(Problem details):
Filter the data below for the string "pour" and copy each matching line.

[Stored entries]
"""
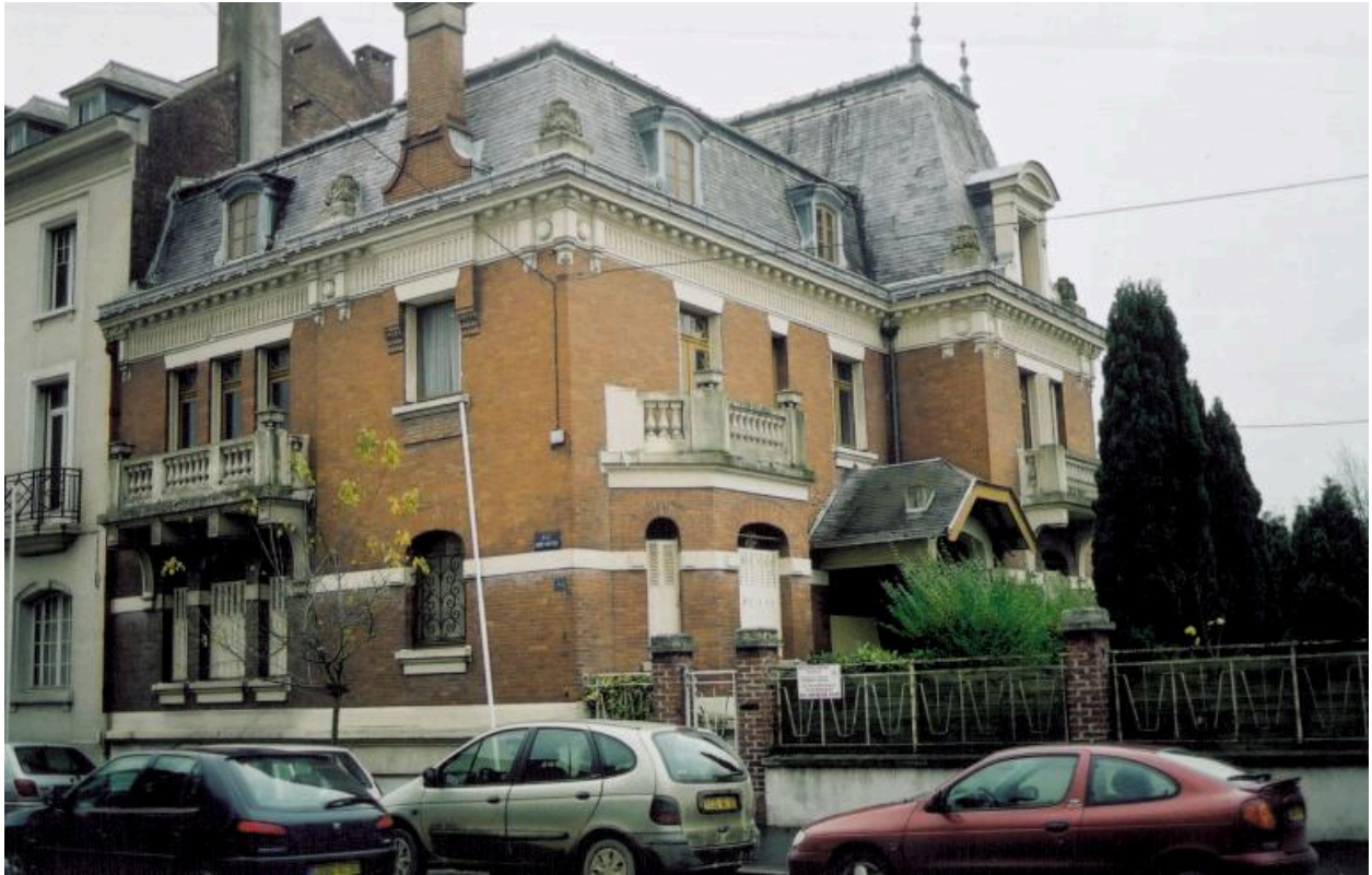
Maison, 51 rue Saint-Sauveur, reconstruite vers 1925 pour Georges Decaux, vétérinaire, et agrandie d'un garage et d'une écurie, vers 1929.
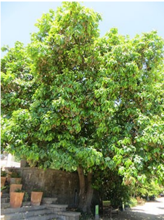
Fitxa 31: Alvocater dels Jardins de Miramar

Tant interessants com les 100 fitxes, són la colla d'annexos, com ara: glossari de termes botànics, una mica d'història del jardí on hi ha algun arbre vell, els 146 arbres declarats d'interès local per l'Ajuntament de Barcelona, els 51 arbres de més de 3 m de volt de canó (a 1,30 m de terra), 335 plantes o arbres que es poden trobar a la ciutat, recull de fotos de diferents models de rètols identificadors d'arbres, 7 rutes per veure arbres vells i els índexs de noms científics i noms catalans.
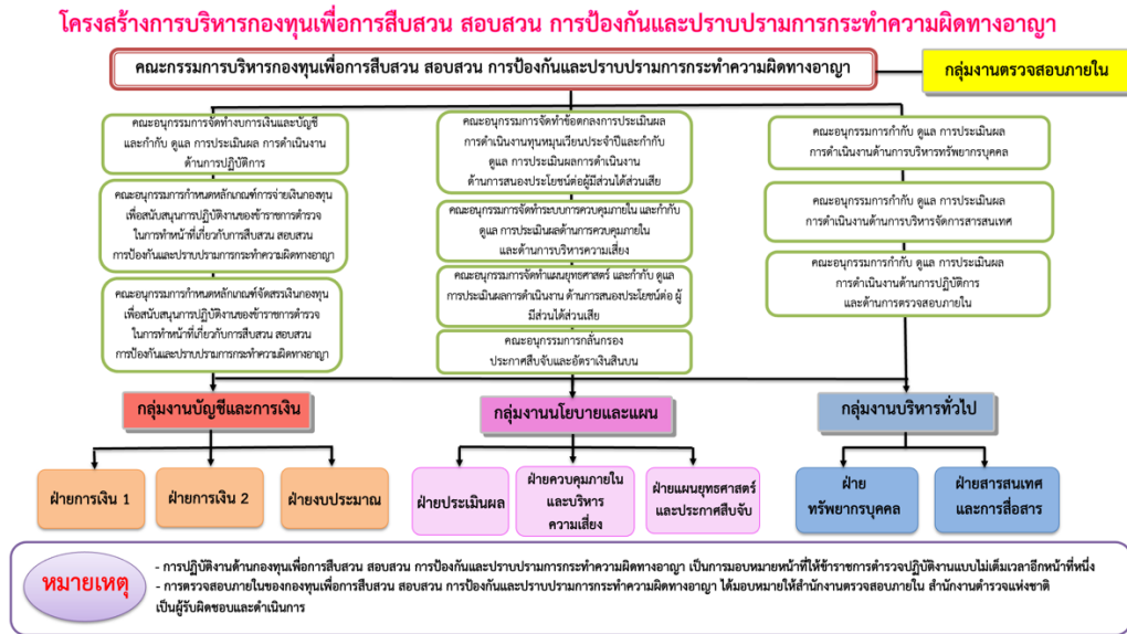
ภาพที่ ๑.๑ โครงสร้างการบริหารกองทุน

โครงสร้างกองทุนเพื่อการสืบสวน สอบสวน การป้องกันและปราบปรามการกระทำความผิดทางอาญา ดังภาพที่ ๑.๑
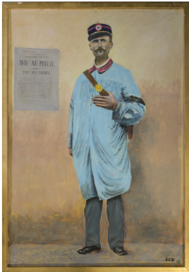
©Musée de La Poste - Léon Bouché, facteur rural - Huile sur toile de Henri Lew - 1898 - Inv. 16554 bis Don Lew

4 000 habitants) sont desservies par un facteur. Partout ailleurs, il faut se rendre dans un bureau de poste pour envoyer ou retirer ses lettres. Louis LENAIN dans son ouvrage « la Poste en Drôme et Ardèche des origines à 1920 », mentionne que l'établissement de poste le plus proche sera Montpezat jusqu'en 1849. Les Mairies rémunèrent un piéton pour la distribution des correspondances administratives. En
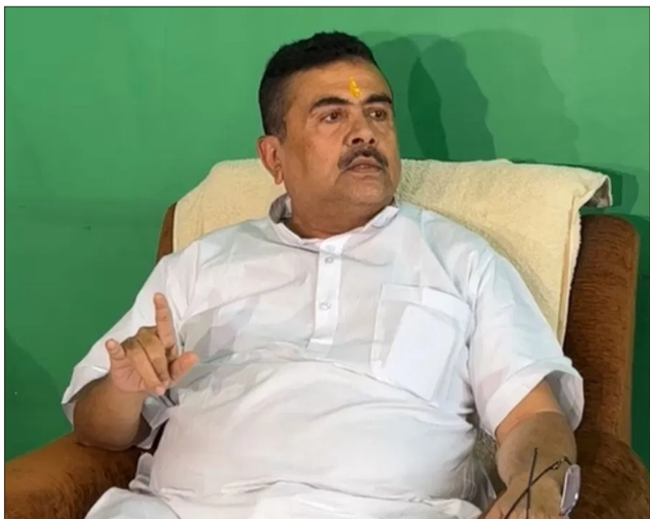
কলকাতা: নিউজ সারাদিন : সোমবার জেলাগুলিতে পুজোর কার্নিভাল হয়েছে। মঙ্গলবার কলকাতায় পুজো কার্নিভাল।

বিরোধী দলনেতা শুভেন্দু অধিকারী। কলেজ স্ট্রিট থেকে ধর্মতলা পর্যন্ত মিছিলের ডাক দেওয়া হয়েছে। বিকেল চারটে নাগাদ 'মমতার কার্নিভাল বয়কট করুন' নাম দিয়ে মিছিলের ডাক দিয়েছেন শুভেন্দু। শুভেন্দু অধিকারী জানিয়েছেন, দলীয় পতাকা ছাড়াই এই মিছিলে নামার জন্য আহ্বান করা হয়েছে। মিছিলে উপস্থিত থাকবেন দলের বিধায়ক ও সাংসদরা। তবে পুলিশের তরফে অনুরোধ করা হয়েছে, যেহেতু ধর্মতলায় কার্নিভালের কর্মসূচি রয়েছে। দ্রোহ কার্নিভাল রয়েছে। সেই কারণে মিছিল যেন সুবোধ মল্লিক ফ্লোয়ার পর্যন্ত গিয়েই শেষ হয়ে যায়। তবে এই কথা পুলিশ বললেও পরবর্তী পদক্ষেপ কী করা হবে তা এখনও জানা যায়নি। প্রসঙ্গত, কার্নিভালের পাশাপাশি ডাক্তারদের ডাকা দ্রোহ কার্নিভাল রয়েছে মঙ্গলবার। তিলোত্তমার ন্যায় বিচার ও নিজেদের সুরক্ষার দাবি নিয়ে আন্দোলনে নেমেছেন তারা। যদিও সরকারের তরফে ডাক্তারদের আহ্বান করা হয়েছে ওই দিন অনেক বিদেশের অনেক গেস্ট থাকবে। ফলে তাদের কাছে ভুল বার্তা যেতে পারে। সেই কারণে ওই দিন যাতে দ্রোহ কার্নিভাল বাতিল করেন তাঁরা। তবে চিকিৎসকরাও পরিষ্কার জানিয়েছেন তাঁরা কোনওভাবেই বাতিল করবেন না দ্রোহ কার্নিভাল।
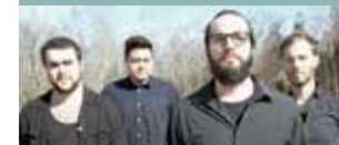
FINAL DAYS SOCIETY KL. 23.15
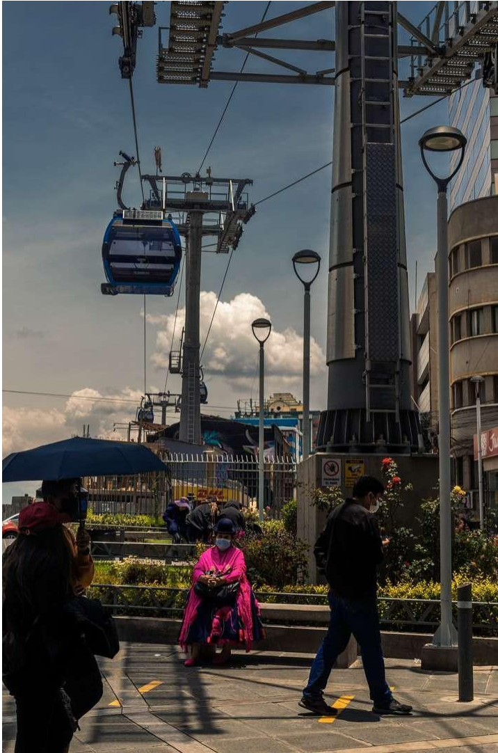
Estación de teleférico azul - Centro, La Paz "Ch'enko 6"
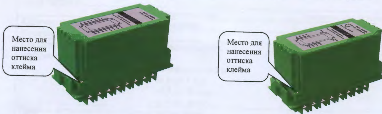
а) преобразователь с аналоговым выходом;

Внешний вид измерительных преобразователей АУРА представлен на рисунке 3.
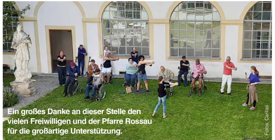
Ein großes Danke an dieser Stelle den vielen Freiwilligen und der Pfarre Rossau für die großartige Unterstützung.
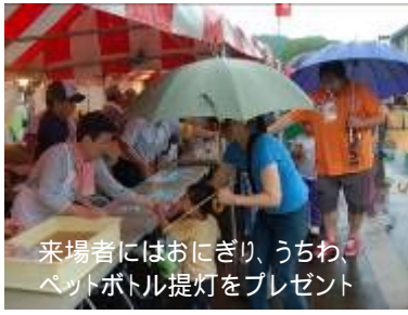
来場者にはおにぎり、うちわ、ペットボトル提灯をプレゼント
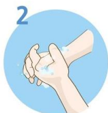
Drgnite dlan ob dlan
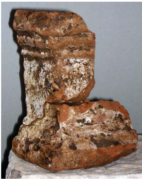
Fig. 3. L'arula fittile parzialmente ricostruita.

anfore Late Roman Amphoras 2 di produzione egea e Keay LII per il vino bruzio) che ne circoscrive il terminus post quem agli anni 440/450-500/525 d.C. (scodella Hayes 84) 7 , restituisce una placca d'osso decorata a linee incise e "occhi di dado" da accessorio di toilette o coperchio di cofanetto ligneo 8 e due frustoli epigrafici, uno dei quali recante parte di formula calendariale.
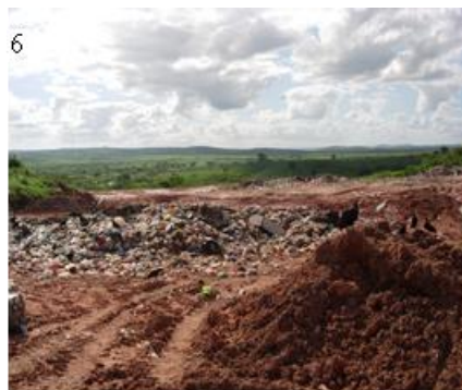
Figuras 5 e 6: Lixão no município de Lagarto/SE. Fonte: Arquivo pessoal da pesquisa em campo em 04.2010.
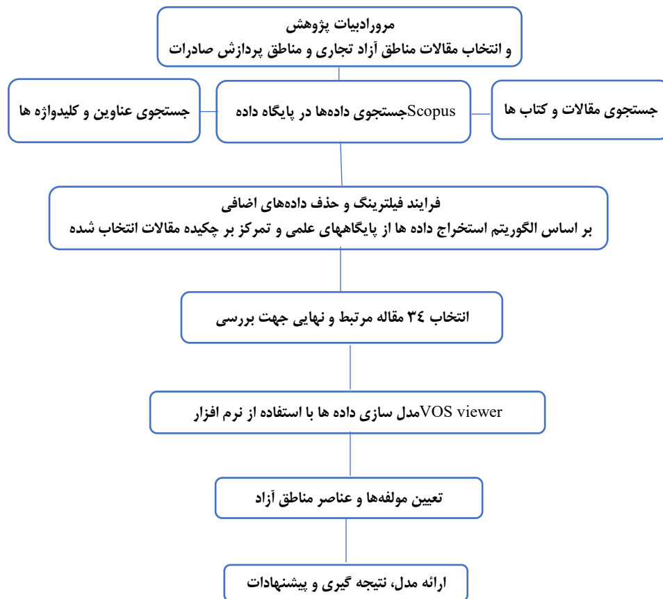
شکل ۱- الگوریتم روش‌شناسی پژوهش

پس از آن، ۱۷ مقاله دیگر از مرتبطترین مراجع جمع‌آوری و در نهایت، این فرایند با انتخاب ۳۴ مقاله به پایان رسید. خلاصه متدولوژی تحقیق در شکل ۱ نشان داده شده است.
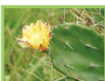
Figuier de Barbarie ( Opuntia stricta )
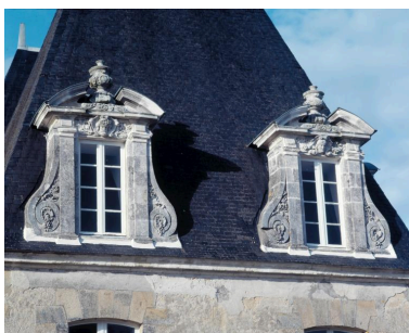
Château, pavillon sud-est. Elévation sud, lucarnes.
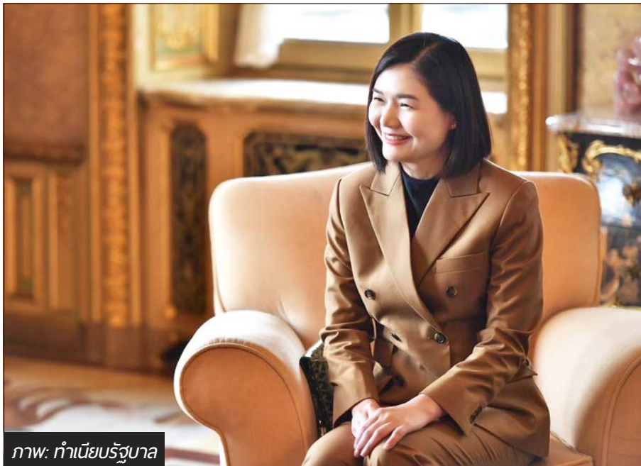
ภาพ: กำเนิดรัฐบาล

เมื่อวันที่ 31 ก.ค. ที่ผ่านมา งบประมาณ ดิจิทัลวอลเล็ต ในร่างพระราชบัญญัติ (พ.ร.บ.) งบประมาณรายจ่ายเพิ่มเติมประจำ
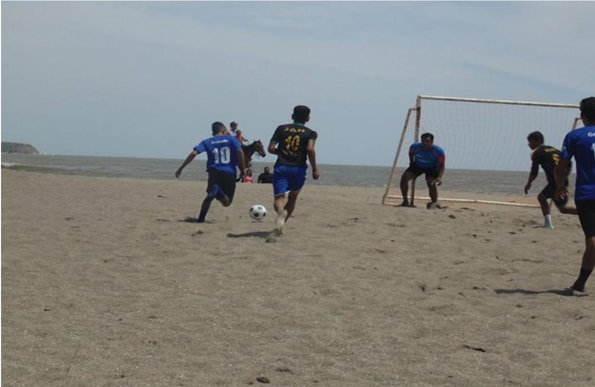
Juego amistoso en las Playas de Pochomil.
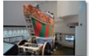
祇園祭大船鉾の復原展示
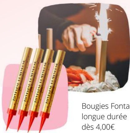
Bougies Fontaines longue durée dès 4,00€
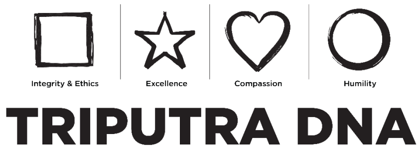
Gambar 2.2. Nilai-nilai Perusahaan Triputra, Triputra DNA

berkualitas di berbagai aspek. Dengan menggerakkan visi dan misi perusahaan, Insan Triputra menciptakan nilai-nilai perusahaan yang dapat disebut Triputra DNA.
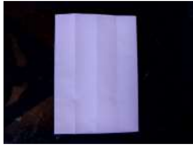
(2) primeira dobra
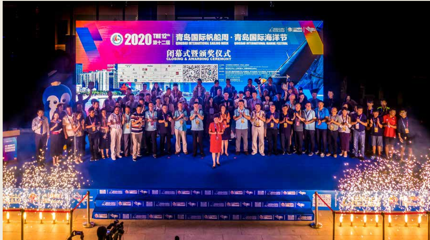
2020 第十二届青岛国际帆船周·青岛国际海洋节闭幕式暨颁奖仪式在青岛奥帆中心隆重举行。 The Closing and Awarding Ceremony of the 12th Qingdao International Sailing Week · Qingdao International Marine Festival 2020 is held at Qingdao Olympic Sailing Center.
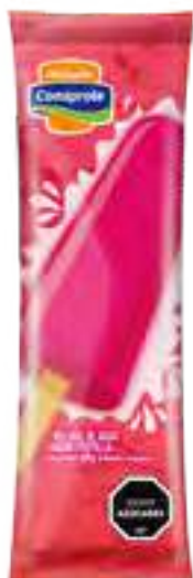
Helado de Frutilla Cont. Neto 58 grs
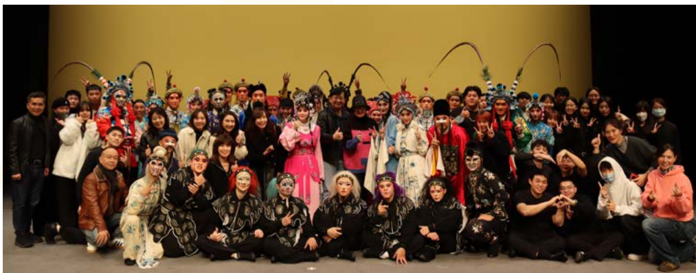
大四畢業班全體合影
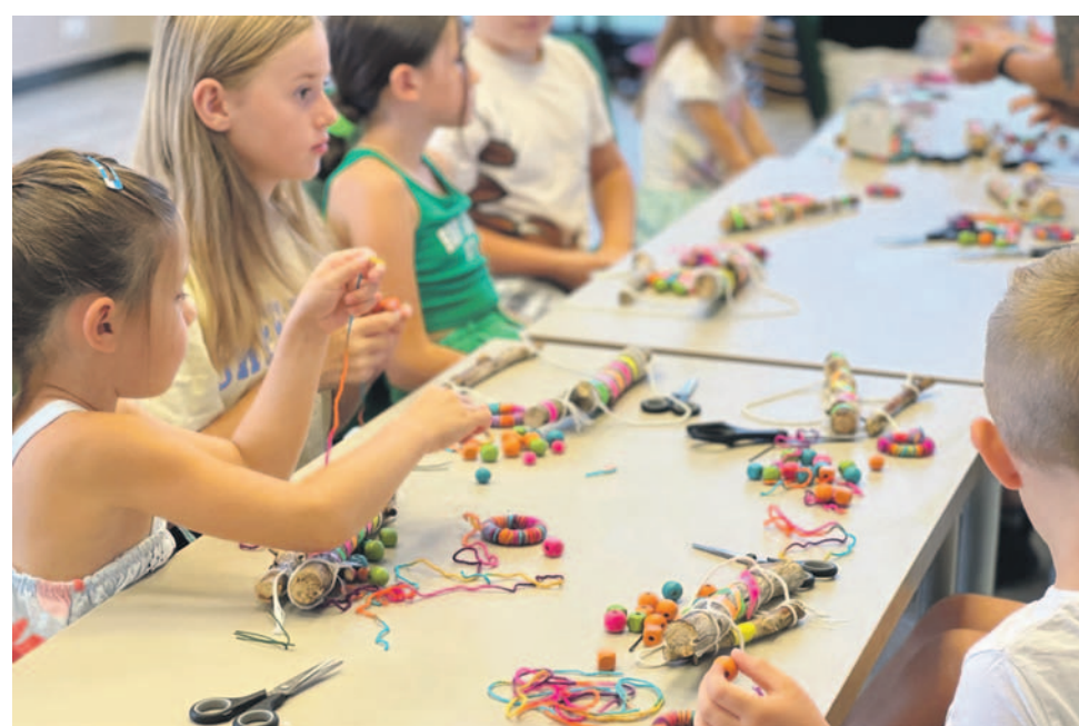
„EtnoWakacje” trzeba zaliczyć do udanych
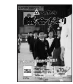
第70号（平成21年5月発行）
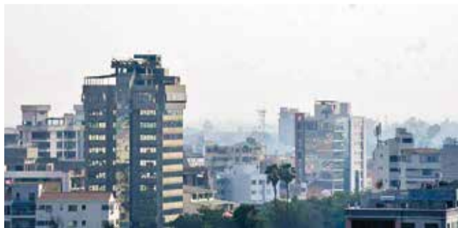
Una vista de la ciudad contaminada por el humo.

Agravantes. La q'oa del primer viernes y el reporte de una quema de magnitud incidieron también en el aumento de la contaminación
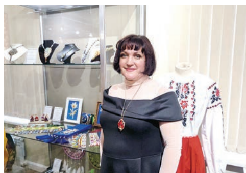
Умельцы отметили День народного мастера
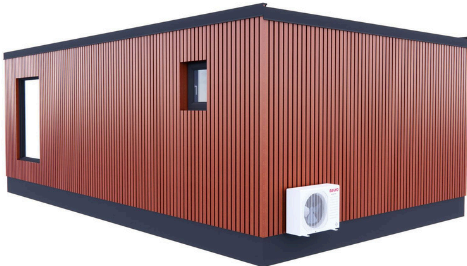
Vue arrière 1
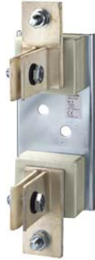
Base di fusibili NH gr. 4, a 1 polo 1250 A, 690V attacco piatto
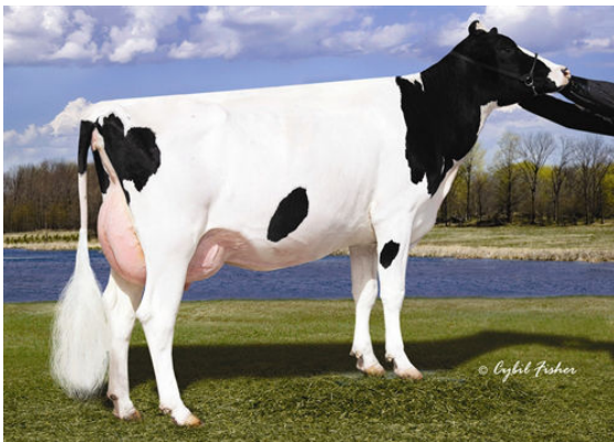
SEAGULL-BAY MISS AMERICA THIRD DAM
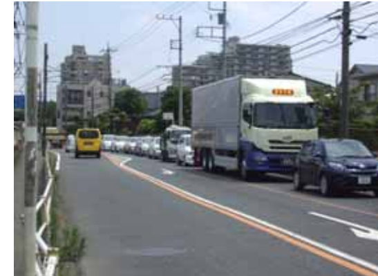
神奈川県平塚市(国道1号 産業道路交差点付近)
"""
(Answer box):
Maison, 51 rue Saint-Sauveur, reconstruite vers 1925 pour Georges Decaux, vétérinaire, et agrandie d'un garage et d'une écurie, vers 1929.
4 000 habitants) sont desservies par un facteur. Partout ailleurs, il faut se rendre dans un bureau de poste pour envoyer ou retirer ses lettres. Louis LENAIN dans son ouvrage « la Poste en Drôme et Ardèche des origines à 1920 », mentionne que l'établissement de poste le plus proche sera Montpezat jusqu'en 1849. Les Mairies rémunèrent un piéton pour la distribution des correspondances administratives. En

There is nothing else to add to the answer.